# Erdős-Faber-Lovász Conjecture/1972

Originator(s): P. Erdős, ?. Faber, L. Lovász

Definitions: A hypergraph is linear if no two edges share more than one vertex. A proper n-edge-coloring of a hypergraph assigns colors from an n-set to the edges so that edges sharing a vertex have distinct colors.

Conjecture 1: The union of n pairwise edge-disjoint complete graphs with n vertices is n-colorable.

Conjecture 2: Every n-vertex linear hypergraph without edges of size 1 is properly n-edge-colorable.

Background/motivation: It is not hard to show that these two conjectures are equivalent; both are known as the Erdős-Faber-Lovász Conjecture. The hypergraph statement seems more natural than graph version. The graph statement is posed as a way to express the hypergraph conjecture in more widely familiar language of graph coloring.

When all the edges have size 2, Conjecture 2 reduces to Vizing's Theorem. The condition becomes the statement that the hypergraph is a simple n-vertex graph, which has maximum degree at most n-1, and hence by Vizing's Theorem it is n-edge-colorable.

Klein and Margraf [KM] introduced the linear intersection number of a graph, which provides another formulation of the conjecture.

Comments/Partial results: Chang and Lawler [CL] proved that the edge-chromatic number of a simple n-vertex hypergraph is at most ⌈3n/2⌉-2. Kahn [K] proved an asymptotic version of the conjecture, showing for Conjecture 2 that there is always a proper n(1+o(1))-edge-coloring. Vu conjectured a stronger statement than Kahn's asymptotic result.

Kahn and Seymour [KS] proved a fractional version of Conjecture 1, showing that the fractional chromatic number of such a graph is n. Another recent partial result appears in [JSW].

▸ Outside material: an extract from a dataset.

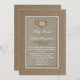 Procurando por uma recepção pós-casamento em burlap? Aqui está o modelo de convite para recepção pós-casamento que você tem procurado. Com uma burlap mais escura na borda e uma burlap mais clara no centro, que contém um coração com seu monograma. Você pode personalizar este design com a data e local em que se casou, juntamente com todos os detalhes da celebração da recepção pós-casamento. Um ótimo convite de recepção pós-casamento monogramado. Copyright henishouseofpaper

R. Dharmarajan and D. Ramachandran asked whether the conjecture can be extended to a union of complete graphs of arbitrary sizes. That is, if the largest of p complete graphs has n vertices, and n≥p, then is the union always n-colorable?

References:
[CL] Chang W.I. and Lawler E.; Edge coloring of hypergraphs and a conjecture of Erdős, Faber, and Lovász. Combinatorica 8 (1988), 293-295.
[E] Erdős P.; On the combinatorial problems I would most like to see solved. Combinatorica 1 (1981), 25-42.
[JSW] Jackson, B; Sethuraman, G.; Whitehead, C.; A note on the Erdős-Faber-Lovász conjecture. Discrete Math. 307 (2007), no. 7-8, 911--915.
[K] Kahn J.; On some hypergraph problems of Paul Erdős and the asymptotics of matching, covers and covering. The Mathematics of Paul Erdős (Springer-Verlag, 1997), 345-371.
[KS] Kahn J. and Seymour P.; A fractional version of the Erdős-Faber-Lovász Conjecture. Combinatorica 12 (1992), 155-160.
[KM] Klein H. and Margraf M.; On the linear intersection number of graphs. http://arxiv.org/PS_cache/math/pdf/0305/0305073.pdf

updated 07/21/08